This Python 3.x command-line application allows the transformation of IBECS XML documents into an OMTD-SHARE corpus directory. The script takes the IBECS XML input document and the name of the OMTD corpus output directory as required command-line arguments. It then proceeds to transform every single abstract in the IBECS records into OMTD a "full-text" document, as well as at least one OMTD-SHARE XML metadata document per IBECS record, or minimally as many as there are abstracts. It approximately transforms 200 IBECS records per second, and takes around 15 minutes to transform nearly 170,000 IBECS records found in the December 2017 release of IBECS, on a 2.7 GHz machine, using a single processor core.
ibecs-to-omtd-parser.py [options] IBECS_FILE OMTD_DIR
Where:
IBECS
is the IBECS input XML fileOMTD_DIR
is the name of the output directory (to create)
In addition, the following optional arguments can be set:
-h, --help show the help message and exit
-f, --force overwrite the corpus if it exists
--encoding ENCODING text encoding for the abstracts [default: UTF-8]
--abstracts ABS_PATH direcotry name for the abstracts [default: fulltext]
--version show the program's version number and exit
--verbose, -v increase log level [default: WARN]
--quiet, -q decrease log level [default: WARN]
--logfile FILE log to FILE instead of <STDERR>
A typical execution of the script will look as follows:
python3 ibecs-to-omtd-parser.py -v IBECS.xml OMTD
That will require that a proper Python 3 installation is available on the machine to execute the script, the -v
option increases the logging verbosity (to INFO level), and the script will expect to read the IBECS records from a file called IBECS.xml
that must be in the current directory, and will also create an output directory named OMTD
that will contain the OMTD corpus, also in the current directory where this script is being executed.

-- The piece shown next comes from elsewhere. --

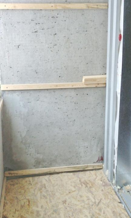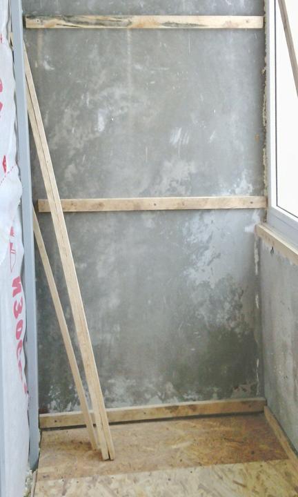 Для обрешетки стен нижняя рейка закрепляется на полу, а верхняя на потолке при помощи саморезов. Для установки средних реек натягивается шнурок, причем расстояние между ними должно быть не более 55-60 см. Рейку, на которую крепится отделочный материал, необходимо монтировать от подоконника, т.к. стык самой вагонки будет располагаться именно на этом уровне.

After the transformation is complete (as said, for a full IBECS database and typical CPU that can take 15 minutes or more), the IBECS maintainer should manually verify the created corpus contains the same number of abstracts (in the "fulltext" directory) as are found in the IBECS database and the expected number of metadata records, while a license file in the "licence" directory should always be created by the script. Once all that has been verified, the directory should be zipped and the resulting archive provided to the OMTD maintainers using the agreed upon delivery channel.